Stored entries
- - - - -

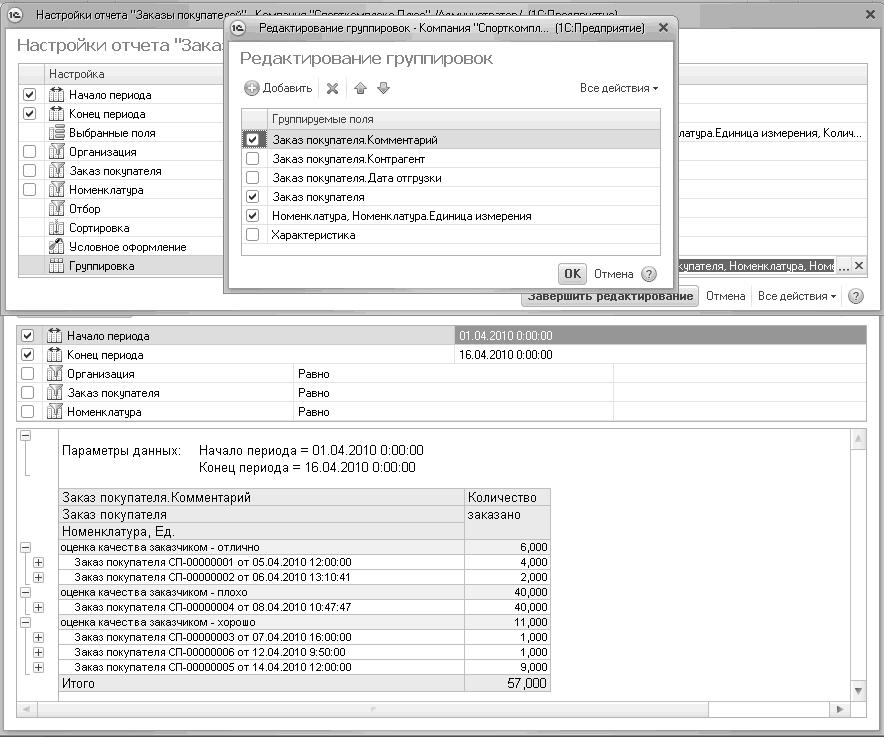 Рис. 68. Настройка группировки по реквизиту "Комментарий" в отчете "Заказы покупателей",
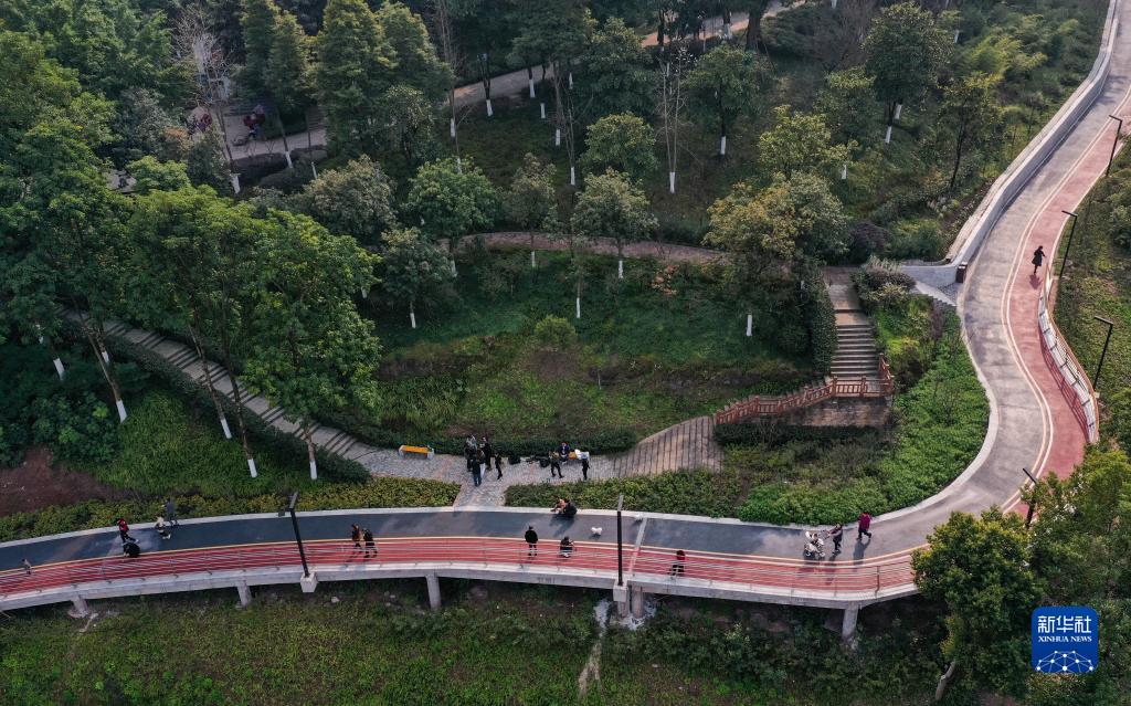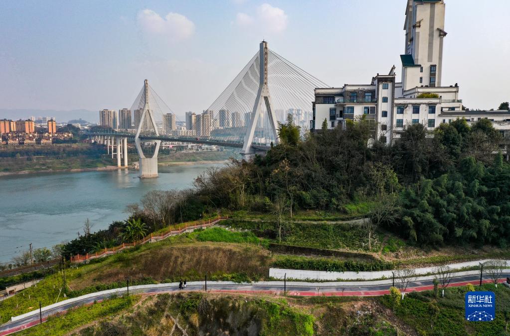 這是2月15日拍攝的位于重慶市大渡口區(qū)的重鋼崖線山城步道附近景色(無人機(jī)照片)。新華社記者 王全超 攝
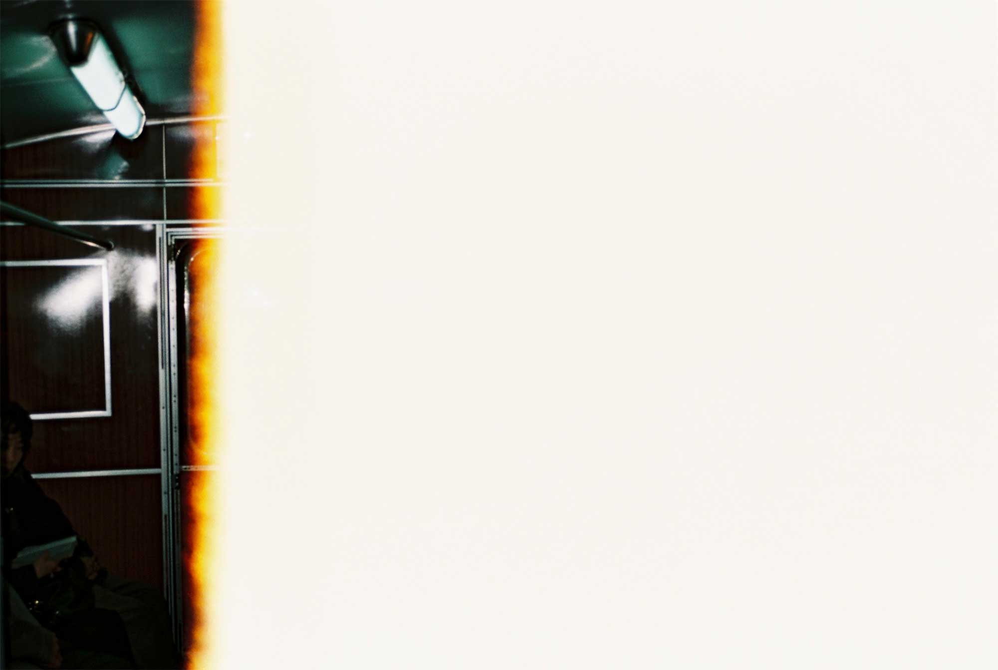 The end of a 35mm film strip, exposed to light, captured on a subway train in Pyongyang, North Korea
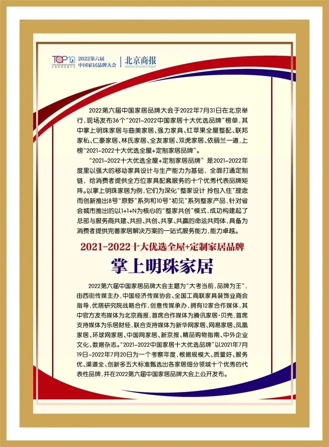 掌上明珠上榜“2021-2022十大优选全屋+定制家居品牌”
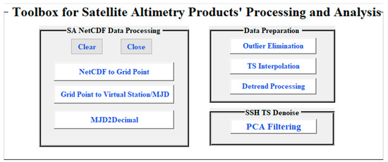 In the realm of processing raw SA ocean reanalysis product in NetCDF format [38], we created the Satellite Altimetry Toolbox (SA_Tool V1.0). Accessible at https://www.kaggle.com/datasets/spacegeodesy/sa-tool-v1-0-for-sa-on-sea-level-rise-estimation (accessed on 10 April 2023), this MATLAB GUI-based toolkit facilitates the processing and analysis of SA data. As illustrated in Figure 3, SA_Tool V1.0 encompasses three pivotal modules: the SA NetCDF to grid point module, the Data Preparation module, and the SSH TS Denoise module. SA_Tool V1.0 offers versatile functionalities, including reading raw NetCDF-format SA observations, generating SSH time series at specified points given their latitude and longitude, outlier detection using 3IQR, interpolation of SSH time series, and applying PCA filtering to the SSH time series. SA_Tool’s modules operate independently, allowing users to execute each model separately. Simultaneously, a well-defined interconnection exists between the modules, enabling the output of one module to serve as input data for another. The seamless integration and synergy between these modules create comprehensive time series processing and analysis software. The “Trend Analysis on SSH Time Series with PCA” section delves into the mathematical models and fundamental functions of each module, offering in-depth insights into the toolkit’s capabilities.
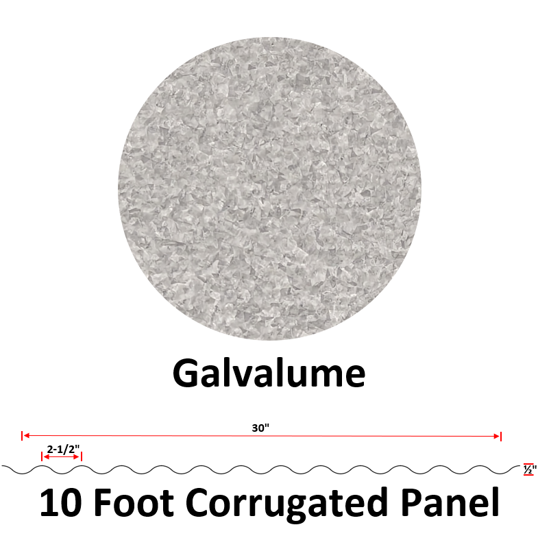 26Ga. Corrugated 30" x 1/2" - 10' Long Galvalume

- - - - -

GOAL OF THE EXERCISE ▸ Exactly as written, give the entries above again, with no images.

TASK RESULT ▸
 Рис. 68. Настройка группировки по реквизиту "Комментарий" в отчете "Заказы покупателей",
 這是2月15日拍攝的位于重慶市大渡口區(qū)的重鋼崖線山城步道附近景色(無人機(jī)照片)。新華社記者 王全超 攝
 The end of a 35mm film strip, exposed to light, captured on a subway train in Pyongyang, North Korea
 掌上明珠上榜“2021-2022十大优选全屋+定制家居品牌”
 In the realm of processing raw SA ocean reanalysis product in NetCDF format [38], we created the Satellite Altimetry Toolbox (SA_Tool V1.0). Accessible at https://www.kaggle.com/datasets/spacegeodesy/sa-tool-v1-0-for-sa-on-sea-level-rise-estimation (accessed on 10 April 2023), this MATLAB GUI-based toolkit facilitates the processing and analysis of SA data. As illustrated in Figure 3, SA_Tool V1.0 encompasses three pivotal modules: the SA NetCDF to grid point module, the Data Preparation module, and the SSH TS Denoise module. SA_Tool V1.0 offers versatile functionalities, including reading raw NetCDF-format SA observations, generating SSH time series at specified points given their latitude and longitude, outlier detection using 3IQR, interpolation of SSH time series, and applying PCA filtering to the SSH time series. SA_Tool’s modules operate independently, allowing users to execute each model separately. Simultaneously, a well-defined interconnection exists between the modules, enabling the output of one module to serve as input data for another. The seamless integration and synergy between these modules create comprehensive time series processing and analysis software. The “Trend Analysis on SSH Time Series with PCA” section delves into the mathematical models and fundamental functions of each module, offering in-depth insights into the toolkit’s capabilities.
 26Ga. Corrugated 30" x 1/2" - 10' Long Galvalume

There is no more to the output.